Was ever a film so conspicuously misnamed? Far from achieving any sort of transcendence, Wally Pfister’s dreary first feature remains firmly anchored throughout its weary plod from mild absurdity to rank incoherence.
This latest attempt to make cinematic sense of artificial intelligence certainly strives for philosophical breadth and spiritual depth. Unfortunately, it ends up playing like Max Headroom Conquers the Universe. We trust that Mr Pfister, best known as cinematographer to Christopher Nolan, remembers where he left his viewfinder. He'll be needing it.

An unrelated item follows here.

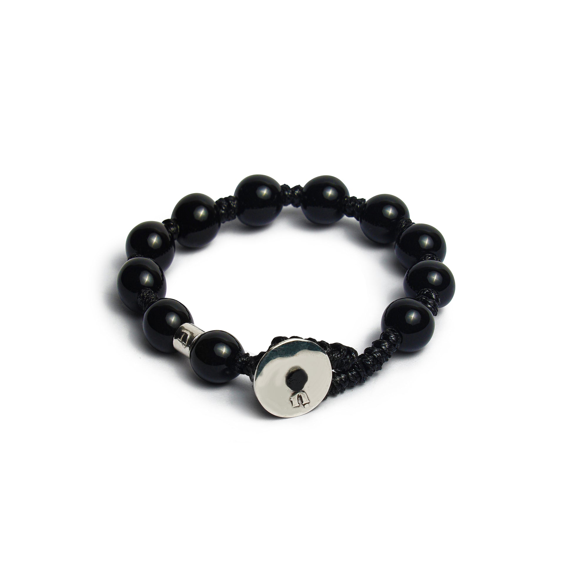 BRACCIALE IN CORDINO CERATO CON ELEMENTI DI CERAMICA DA 10 MM E ARGENTO 925.

Johnny Depp hits his consonants as Will Caster, a computer boffin who speculates about spreading a collective consciousness throughout the internet. Evelyn (Rebecca Hall), his wife and professional partner, has even wilder dreams. She imagines that, in the near future, artificial intelligence will help us clean the earth, cure disease and usher in the new digital Jerusalem.
Meanwhile, a shadowy cadre of neo-Luddites is plotting to dismantle the digital world. One of their number shoots Will after a lecture. At first it seems that, merely grazed, our hero is in no serious danger, but it transpires that the bullet was laced with an isotope that triggers fatal radiation sickness. Johnny begins coughing feebly as bad sick-man makeup creeps across his lovely face.
Oh, come on, Evelyn. Hurry up! We all know where this is going. Upload his consciousness onto a computer and set in train new variations on the Sorcerer’s Apprentice. There you go.
This sounds like a good idea for a film, but actually it's a very bad idea for a film. Directors have always struggled to represent the online world cinematically. The recent The Fifth Estate constructed some awful clunky visual metaphors involving a vast space of imagined desks. Spike Jonze did much better in Her by allowing a disembodied Scarlett Johansson to appear both intimate and out of reach.
Here Pfister and his team take the moronic decision to place Depp’s mug on a screen and invite him to chat omnipotently to Hall and, eventually, the entire world. We get no sense of the sheer strangeness of the concept. Depp is still Depp. He’s just that bit flatter than usual (in every sense of the word).
Still, we can, at least, follow the virtual dreamboat’s dangerous motivations. Juiced up on his own superhumanity, he (it?) attempts to perfect the world by infecting it with nanotechnology that, while curing disease and reversing pollution, will ultimately turn the planet into a vast inorganic machine. The other characters change their minds and allegiances at the drop of a plot point. Insurgents become freedom fighters. Allies become antagonists. At times, the script plays like a slice of fan fiction devised by a basement-load of Mr Nolan’s less intelligent adherents.
None of this would matter so much if the piece were carried off with some technical flair. Despite costing $100 million and involving many talented people – Cillian Murphy plays a digital cop; Morgan Freeman is a Freemanesque wise old sage – Transcendence looks inexplicably unattractive and graceless throughout. A drab special effect depicting nano-devices creeping from the soil outstays its welcome on the second or third of its several dozen outings. The vast complex that houses Depp's throbbing code would barely have seemed "futuristic" in 1974.
Did you mention the dialogue? I wish you hadn’t. Most of the time the characters spout bald exposition and sophomoric futurology, but, on a few precious occasions, the lines reach the depths of camp extravagance.
In a desperate moment, her eyes (and who knows what else) moistening aggressively, Hall is heard to plead: “Oh, Will. Please upload me! Please upload me!” So that’s how you kids refer to it these days.